Multimodal Content Understanding via Structural Reasoning


Tuesday, November 17, 2020, 02:30pm - 04:00pm


Speaker: Shijie Geng

Location : Remote via Webex


Prof. Yongfeng Zhang (Advisor), Prof. Hao Wang, Prof. Sungjin Ahn, Prof. Dong Deng

Event Type: Qualifying Exam

Abstract: Vision-language tasks require a model to understand input multimodal contents and then conduct a specific goal (such as answer selection, text generation, or span prediction), which poses challenging multimodal representation learning and reasoning scenarios. Many existing works on vision-language tasks simply represent multimodal inputs as a sequence of embeddings (objects in an image or tokens in a sentence). However, such representation ignores the intrinsic structures such as relations or hierarchies of the multimodal contents. We propose to leverage the structural cues to build graph representation for multimodal contents and further reason over it through multimodal graph attention networks.
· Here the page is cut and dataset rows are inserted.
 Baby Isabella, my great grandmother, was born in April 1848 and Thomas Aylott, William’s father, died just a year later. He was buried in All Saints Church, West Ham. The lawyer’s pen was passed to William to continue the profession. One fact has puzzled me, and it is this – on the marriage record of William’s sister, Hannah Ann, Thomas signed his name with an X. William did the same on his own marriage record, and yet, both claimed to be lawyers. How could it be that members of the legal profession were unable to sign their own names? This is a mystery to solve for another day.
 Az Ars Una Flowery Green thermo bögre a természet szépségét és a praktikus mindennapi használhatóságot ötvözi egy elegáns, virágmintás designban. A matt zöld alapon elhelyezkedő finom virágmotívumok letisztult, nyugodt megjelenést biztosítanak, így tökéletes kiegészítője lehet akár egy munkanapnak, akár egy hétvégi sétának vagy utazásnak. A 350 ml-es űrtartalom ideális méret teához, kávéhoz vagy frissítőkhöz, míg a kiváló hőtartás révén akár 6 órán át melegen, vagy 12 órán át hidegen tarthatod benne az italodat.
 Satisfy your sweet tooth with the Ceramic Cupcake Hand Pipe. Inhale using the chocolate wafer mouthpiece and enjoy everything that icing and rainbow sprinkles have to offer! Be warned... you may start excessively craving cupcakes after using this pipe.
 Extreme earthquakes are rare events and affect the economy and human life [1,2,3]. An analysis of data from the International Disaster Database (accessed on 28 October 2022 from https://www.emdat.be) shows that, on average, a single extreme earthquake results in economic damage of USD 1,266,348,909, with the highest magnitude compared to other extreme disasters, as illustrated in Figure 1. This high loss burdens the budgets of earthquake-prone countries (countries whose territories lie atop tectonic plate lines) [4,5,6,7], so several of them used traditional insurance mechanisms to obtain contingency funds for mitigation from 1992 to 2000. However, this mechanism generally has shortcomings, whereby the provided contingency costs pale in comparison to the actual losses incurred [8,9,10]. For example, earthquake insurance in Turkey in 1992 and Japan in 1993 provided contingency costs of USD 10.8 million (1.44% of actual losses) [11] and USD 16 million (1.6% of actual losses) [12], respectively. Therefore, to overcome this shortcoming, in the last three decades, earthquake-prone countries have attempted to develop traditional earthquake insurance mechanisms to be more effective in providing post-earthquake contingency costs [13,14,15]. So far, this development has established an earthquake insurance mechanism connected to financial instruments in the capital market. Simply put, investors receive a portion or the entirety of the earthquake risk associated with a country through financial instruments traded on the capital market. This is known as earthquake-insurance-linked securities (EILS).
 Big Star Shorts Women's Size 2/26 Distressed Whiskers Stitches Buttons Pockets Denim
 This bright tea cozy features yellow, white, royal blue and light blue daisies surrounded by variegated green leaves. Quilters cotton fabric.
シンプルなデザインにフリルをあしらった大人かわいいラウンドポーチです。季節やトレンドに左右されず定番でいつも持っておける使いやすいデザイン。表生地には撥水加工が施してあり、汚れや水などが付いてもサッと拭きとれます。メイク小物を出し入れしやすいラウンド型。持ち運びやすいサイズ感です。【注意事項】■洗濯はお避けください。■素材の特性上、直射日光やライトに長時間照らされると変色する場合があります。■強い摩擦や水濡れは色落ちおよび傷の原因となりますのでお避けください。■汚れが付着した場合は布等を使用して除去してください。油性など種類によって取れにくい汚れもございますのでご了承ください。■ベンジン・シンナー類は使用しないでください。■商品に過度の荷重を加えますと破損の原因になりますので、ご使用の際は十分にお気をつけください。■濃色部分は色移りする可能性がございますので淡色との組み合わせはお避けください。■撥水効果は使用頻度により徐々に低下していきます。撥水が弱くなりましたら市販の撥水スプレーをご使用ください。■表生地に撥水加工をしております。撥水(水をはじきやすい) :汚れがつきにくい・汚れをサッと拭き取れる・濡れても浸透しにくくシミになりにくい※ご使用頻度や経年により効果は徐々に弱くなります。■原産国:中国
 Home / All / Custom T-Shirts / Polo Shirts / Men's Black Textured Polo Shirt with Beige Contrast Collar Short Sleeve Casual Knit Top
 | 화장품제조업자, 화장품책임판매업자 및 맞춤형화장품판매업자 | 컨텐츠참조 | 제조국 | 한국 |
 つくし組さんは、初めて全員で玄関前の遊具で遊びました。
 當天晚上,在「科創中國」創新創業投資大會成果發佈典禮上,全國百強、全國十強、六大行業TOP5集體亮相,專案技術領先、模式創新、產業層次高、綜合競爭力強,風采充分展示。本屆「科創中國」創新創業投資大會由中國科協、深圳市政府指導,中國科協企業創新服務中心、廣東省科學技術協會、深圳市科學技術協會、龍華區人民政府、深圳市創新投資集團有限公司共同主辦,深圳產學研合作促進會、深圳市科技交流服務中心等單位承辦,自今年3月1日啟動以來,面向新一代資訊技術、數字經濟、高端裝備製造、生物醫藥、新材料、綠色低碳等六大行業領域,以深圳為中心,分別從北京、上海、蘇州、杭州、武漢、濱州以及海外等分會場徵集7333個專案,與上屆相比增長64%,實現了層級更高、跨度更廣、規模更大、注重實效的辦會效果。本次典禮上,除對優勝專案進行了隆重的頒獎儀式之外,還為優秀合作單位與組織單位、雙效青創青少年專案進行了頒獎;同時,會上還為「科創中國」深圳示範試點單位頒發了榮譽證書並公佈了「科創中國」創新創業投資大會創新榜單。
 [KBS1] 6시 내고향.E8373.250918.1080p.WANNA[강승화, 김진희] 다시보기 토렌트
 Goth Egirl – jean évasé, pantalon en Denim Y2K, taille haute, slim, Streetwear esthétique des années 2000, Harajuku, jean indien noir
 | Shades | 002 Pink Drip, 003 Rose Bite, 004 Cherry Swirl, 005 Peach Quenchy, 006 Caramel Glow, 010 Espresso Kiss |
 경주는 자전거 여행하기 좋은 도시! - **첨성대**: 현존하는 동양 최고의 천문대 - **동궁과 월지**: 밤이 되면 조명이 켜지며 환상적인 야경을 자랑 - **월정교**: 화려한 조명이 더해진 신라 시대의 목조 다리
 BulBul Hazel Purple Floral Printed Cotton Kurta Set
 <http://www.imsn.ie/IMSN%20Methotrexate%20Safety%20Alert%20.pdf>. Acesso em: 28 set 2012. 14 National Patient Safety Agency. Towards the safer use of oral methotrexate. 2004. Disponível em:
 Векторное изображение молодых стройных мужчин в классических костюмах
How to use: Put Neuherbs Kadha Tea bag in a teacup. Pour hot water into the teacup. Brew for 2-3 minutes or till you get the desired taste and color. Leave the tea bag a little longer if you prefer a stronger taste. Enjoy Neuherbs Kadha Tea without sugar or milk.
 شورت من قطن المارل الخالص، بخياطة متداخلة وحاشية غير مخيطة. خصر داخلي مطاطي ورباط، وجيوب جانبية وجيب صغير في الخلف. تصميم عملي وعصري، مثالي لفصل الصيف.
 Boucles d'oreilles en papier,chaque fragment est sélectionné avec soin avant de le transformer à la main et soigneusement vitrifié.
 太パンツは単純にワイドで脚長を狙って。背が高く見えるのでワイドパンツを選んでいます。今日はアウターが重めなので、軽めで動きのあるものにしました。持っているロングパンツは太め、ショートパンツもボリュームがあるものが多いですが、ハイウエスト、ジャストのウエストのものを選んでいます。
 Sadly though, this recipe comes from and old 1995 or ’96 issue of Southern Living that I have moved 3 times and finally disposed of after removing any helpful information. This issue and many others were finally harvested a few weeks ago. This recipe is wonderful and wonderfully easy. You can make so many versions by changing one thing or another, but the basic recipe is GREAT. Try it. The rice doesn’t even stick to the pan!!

We present experiments on two vision-language tasks to show the effectiveness of incorporating structural representation and reasoning for understanding multimodal contents: 1) The first task is audio-visual scene aware dialog which requires an agent to indulge in a question-answer dialog with a human about the audio-visual content. 2) The second task is document visual question answering which requires the ability of understanding layout in document images to locate the correct answer span for given questions.